Before I even do the analysis, I can see that that this couple is doing quite well, considering they boosted their savings rate from 47% to 63% in just 1.5 years, and are planning to boost it even further to 71% next year. Now, that is some serious bad-assity! And if you look at our “How We Got Here” series, you’ll see that we went from 50% savings rate to 65% and eventually to 78% over the span of 9 years.

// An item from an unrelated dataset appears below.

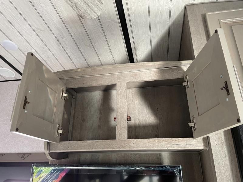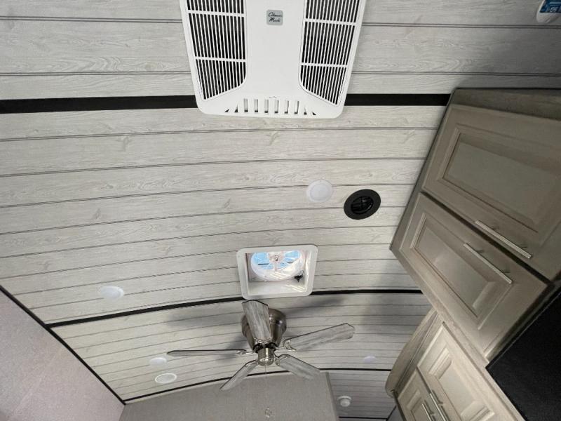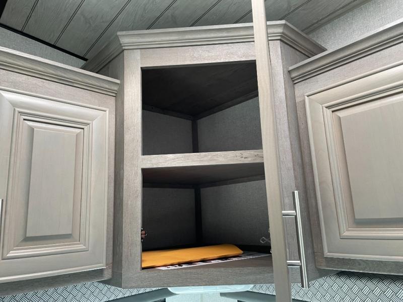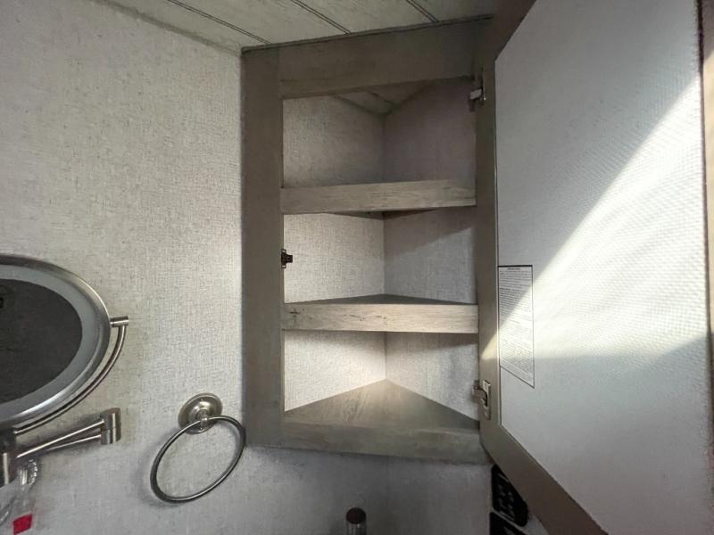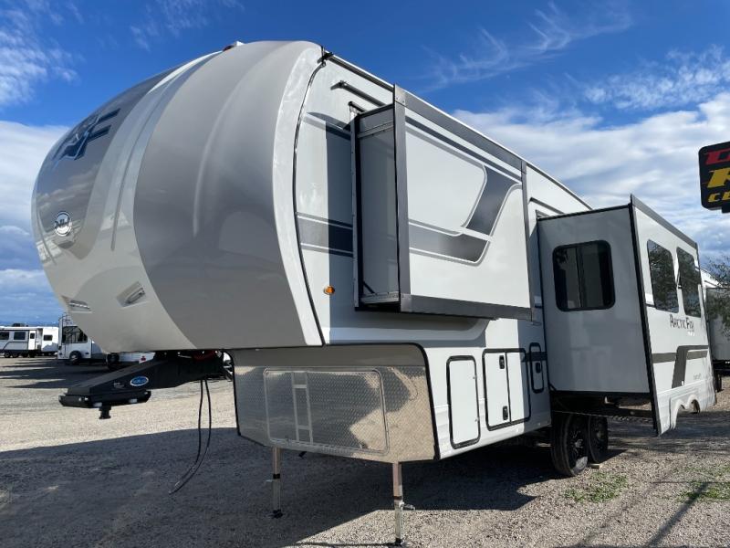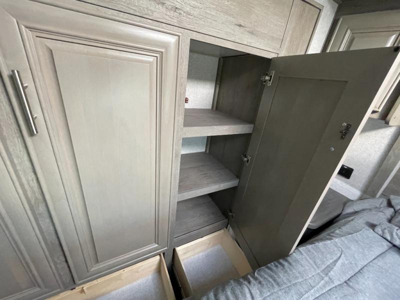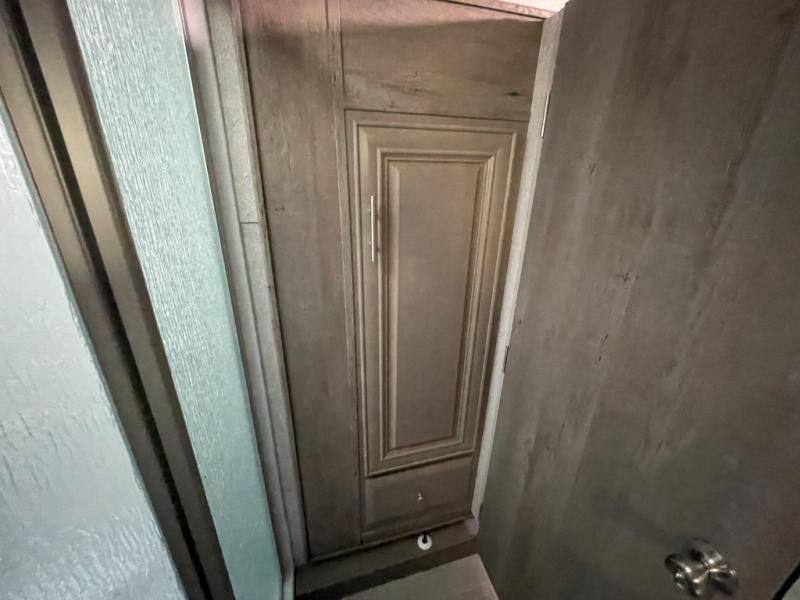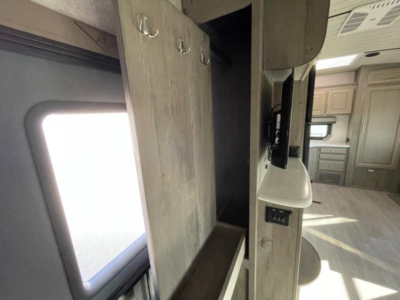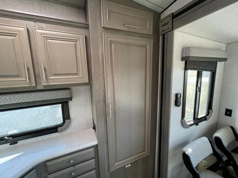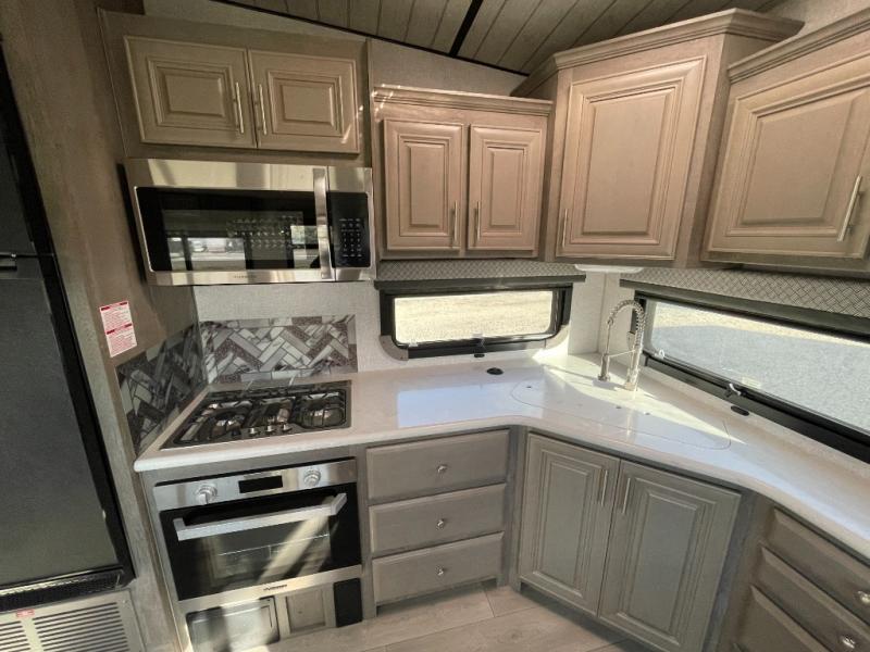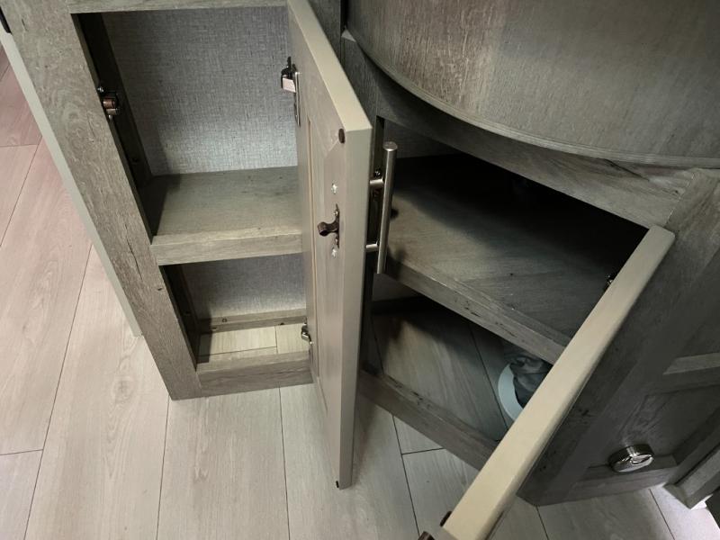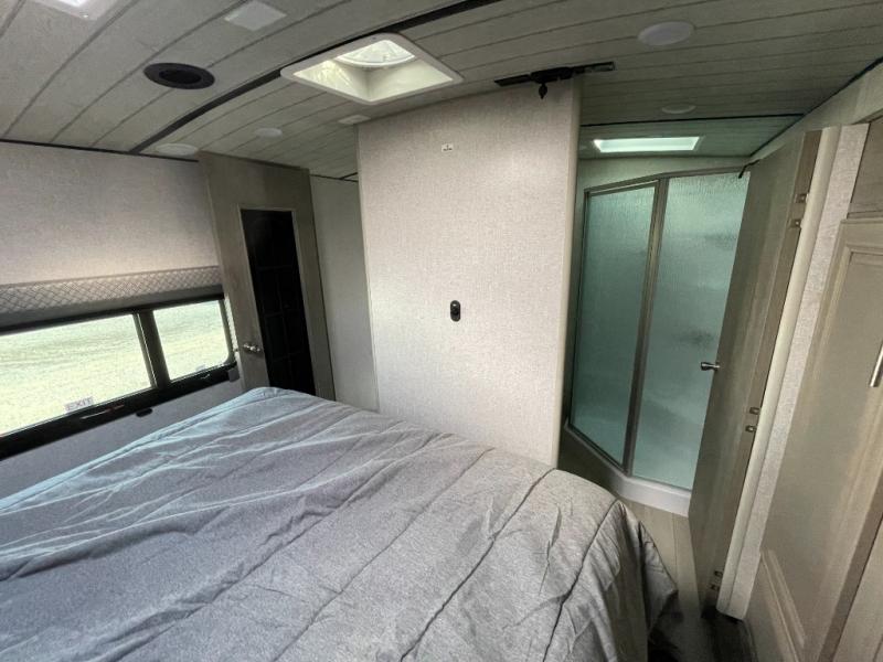 The perfect couples fifth wheel is waiting for you! From the front private bedroom with access to the full bathroom, to the spacious living area with a slide out giving you more interior space to relax and unwind, you will find something to love each time you travel. The rear kitchen offers solid surface countertops with a Furrion cooking suite and you can dine at the free-standing dinette with four chairs. You might choose to replace the furniture with an optional booth Dream dinette, and you can add an optional swivel rocker for more seating. There is a 32" LED Smart TV to watch when you are inside, and you will find two pantries so your snacks and ingredients are organized and ready to grab. And you will find storage throughout the interior for all your things as well as along the exterior.

So they are following the same trajectory and I expect their savings to accelerate over time. This is what happens when your income goes up over time (due to promotions, raises, etc) but your expenses go down. They will also find that, once they retire and travel, their expenses will go down even further, as we found out from living on $40K CAD/year ($31K USD) while travelling the world.

But of course, speculation is worthless without doing the math, so as we love to say on this blog “LET’S MATH THIS SHIT UP!”

Summary:
Net Income: $150,000
Spending: 55,000
Debt: -$12,500 + 3.5% interest
Investable Assets: $165,000

Given that this couple’s spending will go down to $43,000 once the car is paid off, let’s see how far they are from their world-travelling retirement dream:

Using the 4% rule, they will need $43,000 * 25 = $1,075,000 to retire. Now, here at Millennial Revolution, we advocate having a cash cushion of 3-5 years of living expenses, just in case there’s a market down turn.

But let’s not forget that even if capital values plummet during bad years, the S&P 500 still managed to deliver a 2% dividend return. So taking that account, with a $1,075,000 portfolio, the shortfall they will need is $43,000 – $21,500 = $21,500/year. Over 3 years, that’s a cash cushion of $64,500.

So add that to the $1, 075,000, we get $1,139,500.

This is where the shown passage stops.